→ Instructions to follow:
Every entry below should be reproduced exactly; no picture is to be included.

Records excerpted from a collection
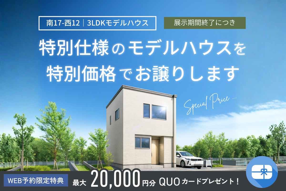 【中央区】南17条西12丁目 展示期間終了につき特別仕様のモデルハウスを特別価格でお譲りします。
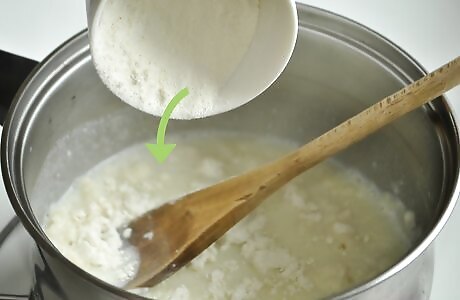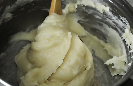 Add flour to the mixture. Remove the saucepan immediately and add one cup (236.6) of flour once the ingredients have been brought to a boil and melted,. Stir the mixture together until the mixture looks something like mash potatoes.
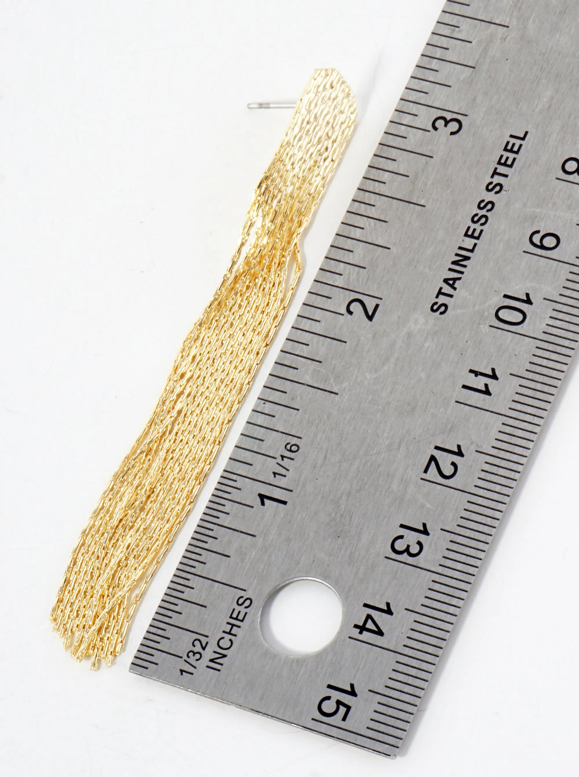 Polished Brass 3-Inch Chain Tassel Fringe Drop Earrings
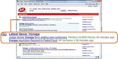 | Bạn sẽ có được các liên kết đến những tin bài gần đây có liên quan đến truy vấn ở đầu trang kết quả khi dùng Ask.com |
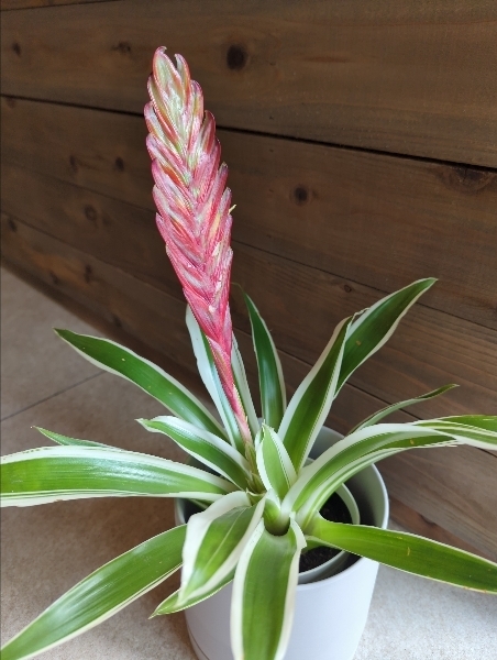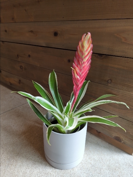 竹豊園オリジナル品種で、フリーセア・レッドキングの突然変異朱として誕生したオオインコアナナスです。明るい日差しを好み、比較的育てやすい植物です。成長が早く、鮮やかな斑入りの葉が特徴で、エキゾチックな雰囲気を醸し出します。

→ Task answer:
 【中央区】南17条西12丁目 展示期間終了につき特別仕様のモデルハウスを特別価格でお譲りします。
 Add flour to the mixture. Remove the saucepan immediately and add one cup (236.6) of flour once the ingredients have been brought to a boil and melted,. Stir the mixture together until the mixture looks something like mash potatoes.
 Polished Brass 3-Inch Chain Tassel Fringe Drop Earrings
 | Bạn sẽ có được các liên kết đến những tin bài gần đây có liên quan đến truy vấn ở đầu trang kết quả khi dùng Ask.com |
 竹豊園オリジナル品種で、フリーセア・レッドキングの突然変異朱として誕生したオオインコアナナスです。明るい日差しを好み、比較的育てやすい植物です。成長が早く、鮮やかな斑入りの葉が特徴で、エキゾチックな雰囲気を醸し出します。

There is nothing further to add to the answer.